How is this possible? How should we characterize this defect in self-consciousness (e.g. can we draw an analogy to disturbances of agency for actions with respect to “ownership” or “authorship”)? How should we explain the symptom? Specifically, does it indicate a defect in normal processes (like defective self-monitoring processes) or an abnormal addition to such processes (such as delusions)? In this session, we aim to discuss the assumptions that inform explanations of this symptom as reflecting an abnormality of self-consciousness.
SECTION 3: Self-Disturbances in Schizophrenia
The notion of self-consciousness is deployed in many ways in philosophical debates. In this session, the emphasis will be to explore a basic notion of self-consciousness that appears disturbed in patients with schizophrenia. Many of the positive symptoms suggest a disorder in a basic form of self-consciousness, namely that seemingly implicated in keeping track of one’s thoughts and actions as one’s own.
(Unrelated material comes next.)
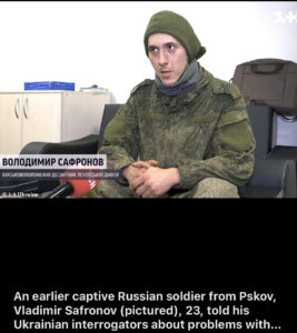 An earlier captive Russian soldier from Pskov, Vladimir Safronov, 23, told his Ukrainian interrogators about problems with rations, and how his officers were looting the civilian population.

Is there a basic and general notion of self-consciousness that both describes and explains these facets of schizophrenia? We will explore this notion within both Continental and Anglo-American traditions, including discussion of the minimal self (S. Gallagher), the concept of “Ich-Störungen”, as well as recent discussions about the prodomes (precursors) of schizophrenia. Explication of the disturbance of the self in schizophrenia will shed new light on both empirical and philosophical accounts of self-consciousness.